* **REQUIRED WORK**: Omit the pictures, please, and give each record below again exactly.

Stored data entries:

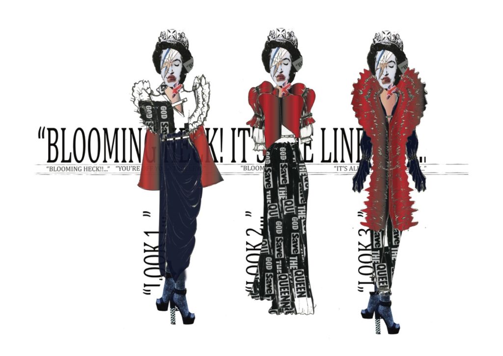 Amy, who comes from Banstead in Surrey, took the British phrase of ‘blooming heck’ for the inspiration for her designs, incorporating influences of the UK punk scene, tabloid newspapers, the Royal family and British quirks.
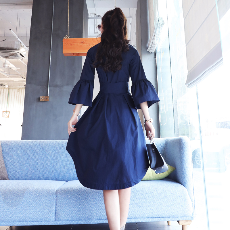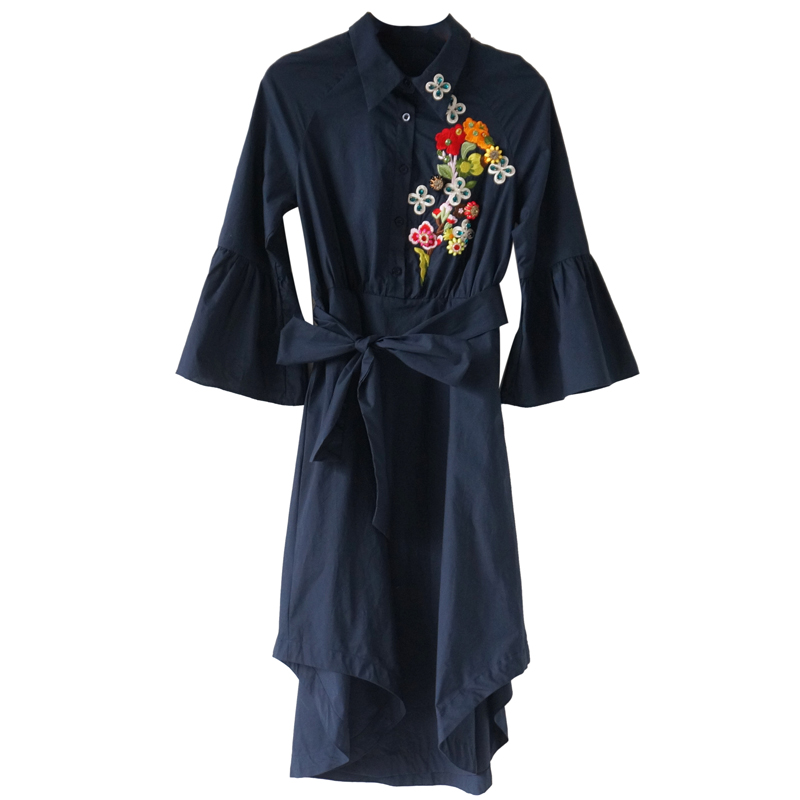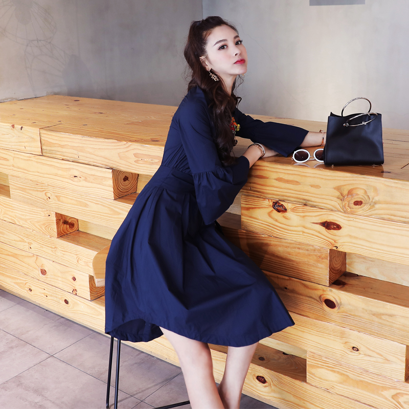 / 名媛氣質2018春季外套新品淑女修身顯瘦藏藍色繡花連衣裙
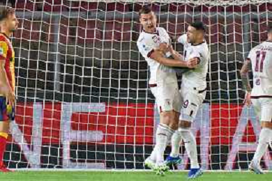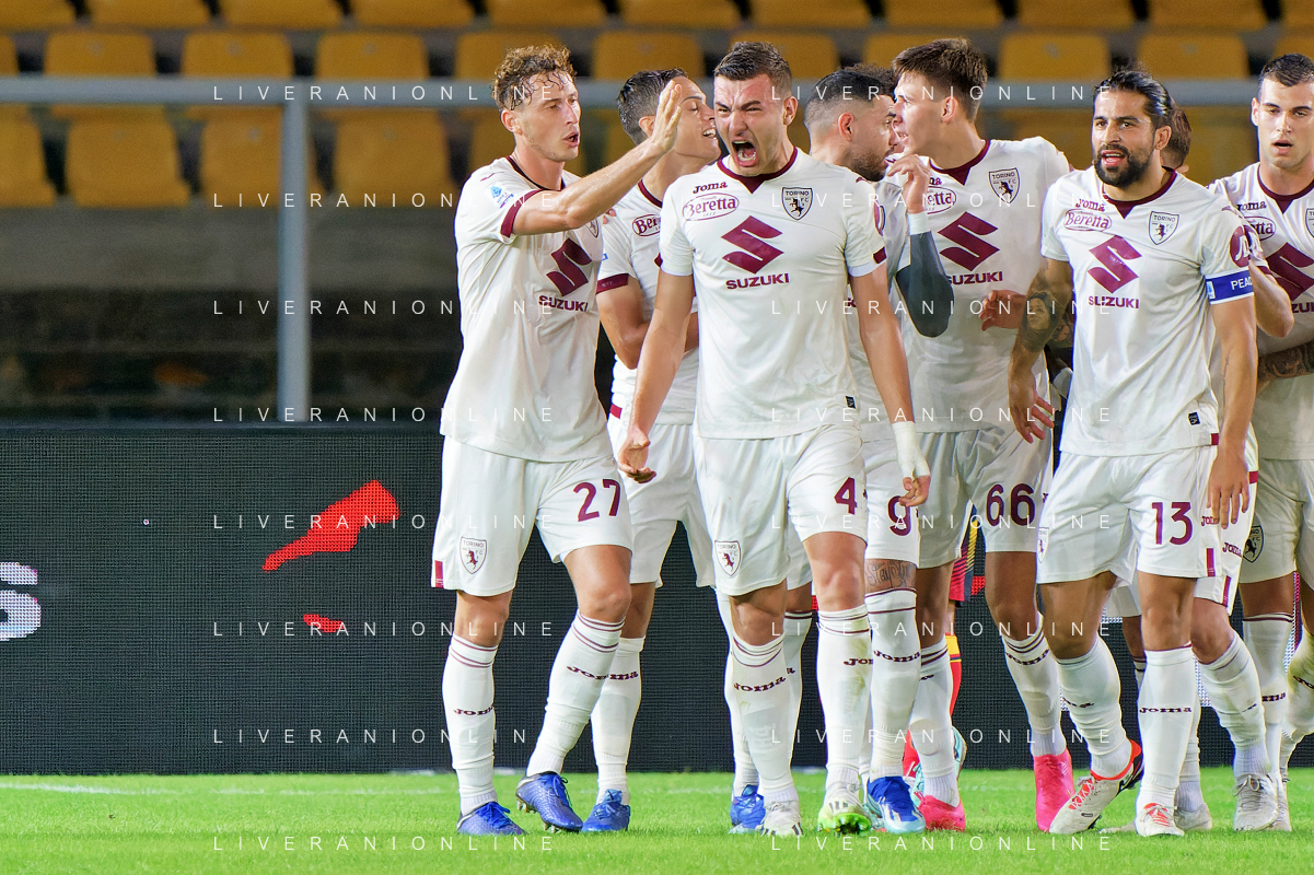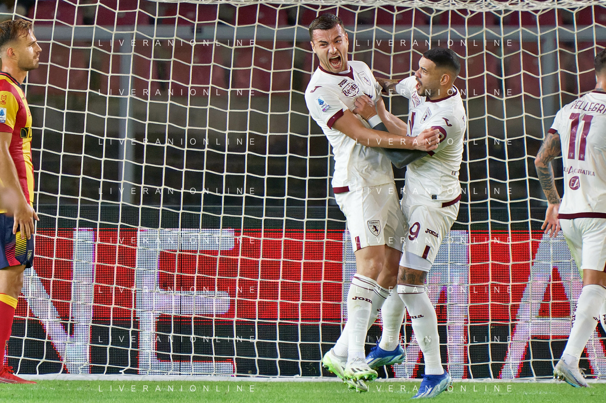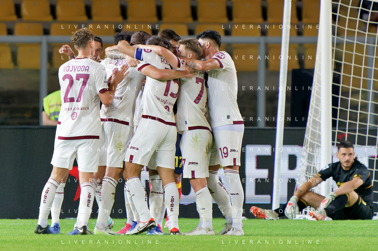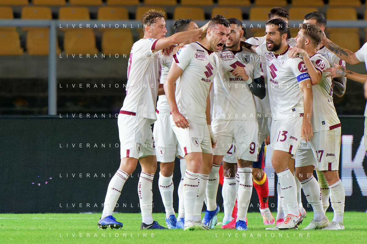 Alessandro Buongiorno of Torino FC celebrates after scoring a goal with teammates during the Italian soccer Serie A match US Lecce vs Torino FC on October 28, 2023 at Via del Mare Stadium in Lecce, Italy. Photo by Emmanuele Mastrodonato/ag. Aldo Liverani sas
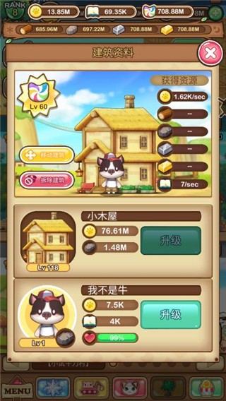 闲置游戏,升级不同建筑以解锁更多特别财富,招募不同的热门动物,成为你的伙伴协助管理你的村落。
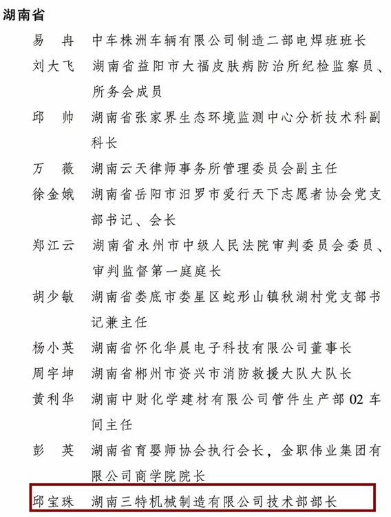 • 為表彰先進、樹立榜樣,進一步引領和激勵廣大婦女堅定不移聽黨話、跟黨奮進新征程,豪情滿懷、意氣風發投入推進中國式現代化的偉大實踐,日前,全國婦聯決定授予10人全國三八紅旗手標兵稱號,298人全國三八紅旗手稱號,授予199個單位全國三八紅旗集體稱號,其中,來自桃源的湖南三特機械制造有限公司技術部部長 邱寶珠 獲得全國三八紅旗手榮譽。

* **TASK ANSWER**:
 Amy, who comes from Banstead in Surrey, took the British phrase of ‘blooming heck’ for the inspiration for her designs, incorporating influences of the UK punk scene, tabloid newspapers, the Royal family and British quirks.
 / 名媛氣質2018春季外套新品淑女修身顯瘦藏藍色繡花連衣裙
 Alessandro Buongiorno of Torino FC celebrates after scoring a goal with teammates during the Italian soccer Serie A match US Lecce vs Torino FC on October 28, 2023 at Via del Mare Stadium in Lecce, Italy. Photo by Emmanuele Mastrodonato/ag. Aldo Liverani sas
 闲置游戏,升级不同建筑以解锁更多特别财富,招募不同的热门动物,成为你的伙伴协助管理你的村落。
 • 為表彰先進、樹立榜樣,進一步引領和激勵廣大婦女堅定不移聽黨話、跟黨奮進新征程,豪情滿懷、意氣風發投入推進中國式現代化的偉大實踐,日前,全國婦聯決定授予10人全國三八紅旗手標兵稱號,298人全國三八紅旗手稱號,授予199個單位全國三八紅旗集體稱號,其中,來自桃源的湖南三特機械制造有限公司技術部部長 邱寶珠 獲得全國三八紅旗手榮譽。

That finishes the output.